Published by Fence under Books

Book 3 in the Temeraire
Author: Naomi Novik
ISBN: 0345481305
DDC: 813.6
See also: LibraryThing ; Wikipedia entry ; aarti chapati

The hot wind blowing into Macao was sluggish and unrefreshing, only stirring up the rotting salt smell of the harbor, the fish-corpses and great knots of black-red seaweed, the effluvia of human and dragon wastes.

Image of Black Powder WarI can’t say very much about the plot of this book without giving away plot details from Book 2. I enjoyed this more than the second, maybe because I read it straight after and so was more in the mindset of the books, or maybe because I liked the story better, or maybe simply because it is a better book. Whatever the reason, if you liked the previous two books in this series you’ll want to read on.
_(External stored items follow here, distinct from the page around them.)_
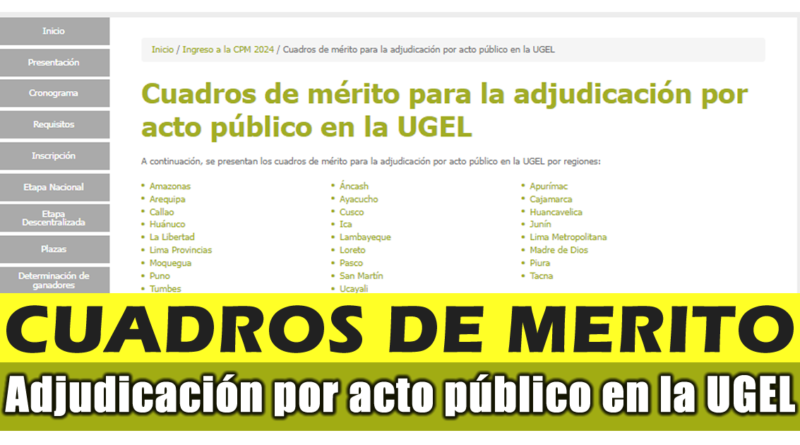 Cuadros de mérito para la adjudicación por acto público en la UGEL
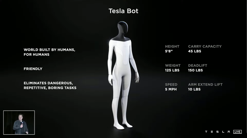 ▼從馬斯克展示的簡報來看,「Tesla Bot」的外型就像一般人形,只是臉上多了一塊大螢幕,來顯示資訊。機器人的身高為172公分、重65公斤,每小時的最高速度為8公里。機器人的身高、體重設計都是有講究的,這一數值是為了降低人們對機器人的恐懼,讓人們面對機器人時不只是可以逃跑,還能擊倒他。
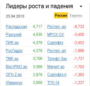 Лучше рынка выглядели акции ряда компаний энергетического сектора, которые после сильного снижения за последний месяц выглядят привлекательными для покупок: "РусГидро" (+4,28%), "РАО ЭС Востока" (+3,37%), ОГК-2 (+2,98%), "ФСК ЕЭС" (+1,9%). Акции последней поддержала неплохая отчетность по МСФО за 2012 год: выручка компании выросла на 0,5% г/г до 140,3 миллиарда рублей, чистая прибыль, правда, при этом снизилась на 22% до 29,96 миллиарда рублей. В лидерах роста во вторник также оказались акции ГК "ПИК" (+4,38%), которые продолжают рост на фоне опубликованных вчера операционных данных за 1 квартал года. Несмотря на слабую китайскую статистику, неплохо смотрелись акции российских металлургов: НЛМК (+2,08%) и "Северстали" (+1,4%). "Норникель" (-1,18%) при этом торгуется хуже рынка, что аналитики объясняют понижением рекомендаций по ГДР компании со стороны Morgan Stanley. Свое снижение приостановили акции "Газпрома" (+0,23%): несмотря на недавнее снижение дивидендов, доходность по его бумагам составляет 5%, отмечает ведущий аналитик "Газпромбанка" Андрей Клапко.
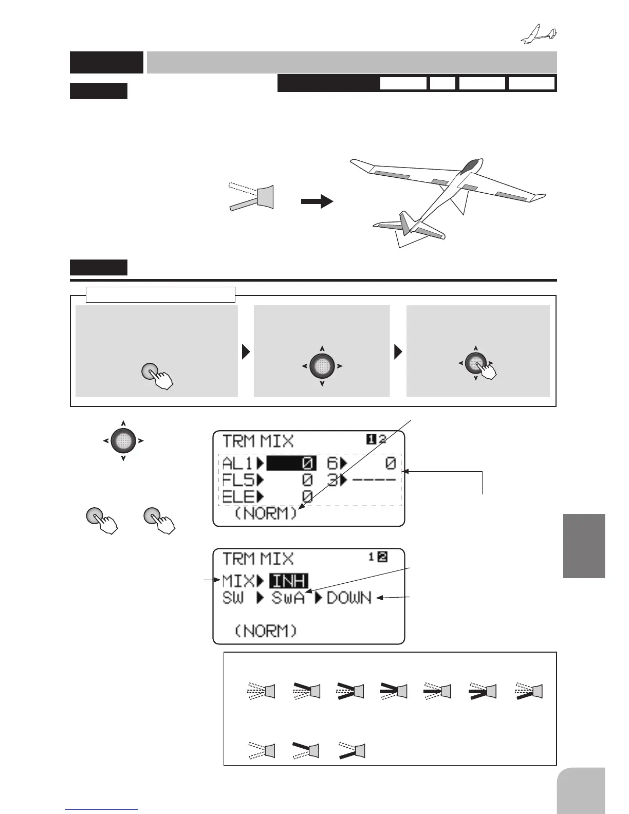 This function shifts the ailerons, elevator, and
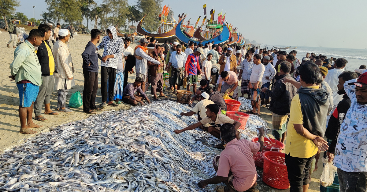 কক্সবাজার জেলার টেকনাফ উপকূলে জেলেদের একটি টানা জালে ধরা পড়েছে প্রায় ১০৯ মণ বিভিন্ন প্রজাতির মাছ, যা বিক্রি হয়েছে প্রায় সাড়ে ৮ লাখ টাকায়। তীরে মাছগুলো নেওয়া হলে তা দেখতে পর্যটক ও স্থানীয় লোকজন ভিড় করেন।
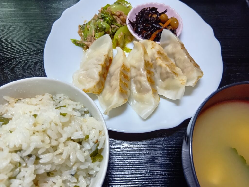 3. 焼き餃子 サニーレタスのツナ和え ひじき煮 ごまワカメご飯 味噌汁
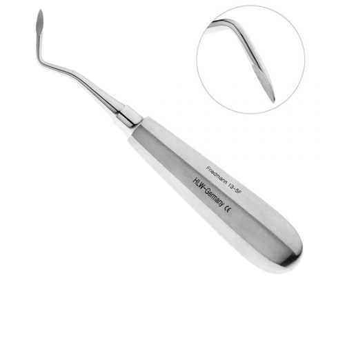 Описание: Элеватор 3,0 мм Friedmann изогнутый (от себя)Компанией HLW Dental Instruments изготовлен элеватор конструкции Фридманна, который применяется для удаления корней зубов на нижней челюсти, а также удаления нижнечелюстных дистопированных зубов и зубов с разрушенной коронковой частью.Ширина щечки изогнутого инструмента 3 мм. Рабочая часть элеватора слегка вогнутая, острая на конце и ориентирована от себя. Щечка инструмента вводится между корнем зуба и стенкой альвеолы, и путем вращения рукоятки элеватора против хода часовой стрелки осуществляется вывихивание зуба.На поверхности ручки элеватора расположены грани, которые обеспечивают надежную фиксацию и предотвращают скольжение инструмента в руке. Благодаря такой ручке элеватор позволяет снизить нагрузку на руки и способствует успешному проведению операции.
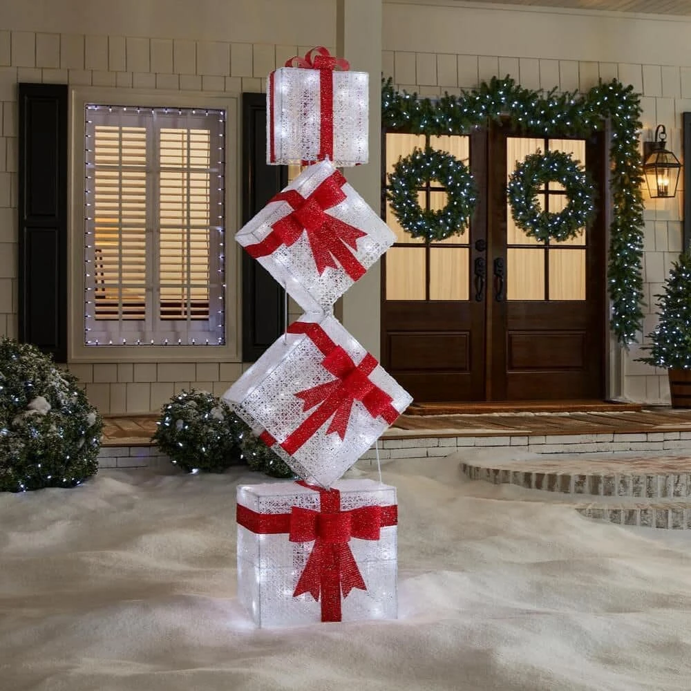 Create a festive Christmas display with this 5.5 ft. Icicle Shimmer Twinkling LED Stacked Gift Boxes from Home Accents Holiday. This gift box stack is suitable for indoor or outdoor use. It has 120 cool white LED lights and a durable pre-wired metal frame. It plugs into a standard outlet for flexible placement. Ground stakes, spare bulbs, and fuses are included. It’s the perfect yard decoration for your home, front porch, or yard. Pair with other Icicle Shimmer holiday items.
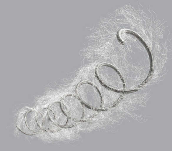 코일은 섬유질(synthetic fiber)이 달려있어 혈전을 만드는 역할을 하게 되며, 시간이 지날수록 형성된 혈전에 의해 이상혈관은 완전히 막히게 됩니다
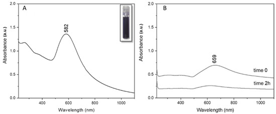 Post synthesis, the UV-Vis absorption profile of clg-AuNPs was registered (Figure 2A). The clg-AuNPs have a maximum of absorption at 582 nm, which correlates directly with the colloid’s deep blue color, as shown in the inset of Figure 2A. The plasmon band is significantly shifted towards higher wavelengths compared to the absorption maximum of common spherical gold colloids at around 520 nm [16], suggesting that the clg-AuNPs might have a bigger size and anisotropic shape.
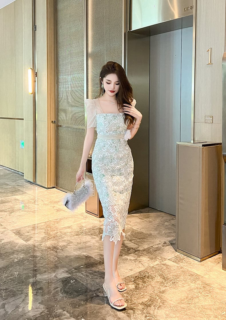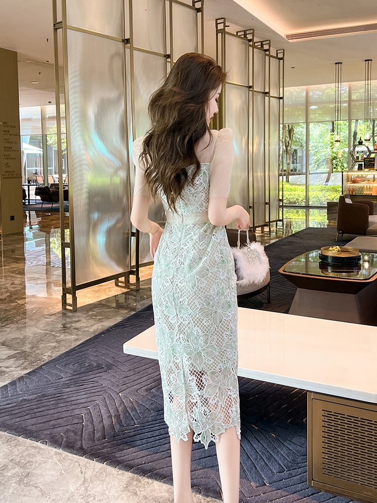 【パーティードレス】 パーティードレス 結婚式 お呼ばれドレス 結婚式のお呼ばれ ワンピース 20代 30代 40代 フォーマルドレス 袖あり ドレス ミディ丈 膝丈 体型カバー フォーマルドレス ドレス 二次会 パーティー お呼ばれ フォーマル 総レース フォーマルワンピース シンプル おしゃれ グリーン 緑 S M L
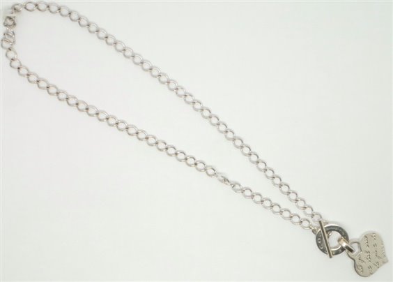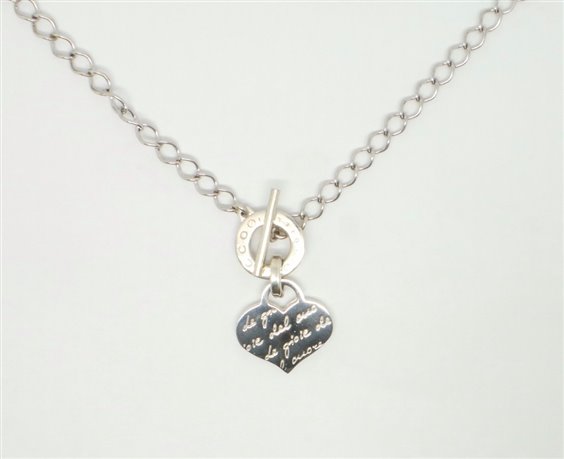 Collana in argento lucido e rodiato con catena ad anelli DI LARGHEZZA MM 6 tutti sadati tra loro .Chiusura a T logo nel centro con appeso cuore in lastra inciso davanti.

We get yet more adventures from Temerarie and William, but we also get to see more of the world that Novik has created. Plus feral dragons and Temeraire’s desire to get home and help free British dragons from their almost-slavery.

I think my favourite character of this book is the new dragon Iskierka, although she isn’t a major character Show Spoilers ▼

she is pretty forceful. If the series continues in this manner, light adventure, then I’ll continue to read along.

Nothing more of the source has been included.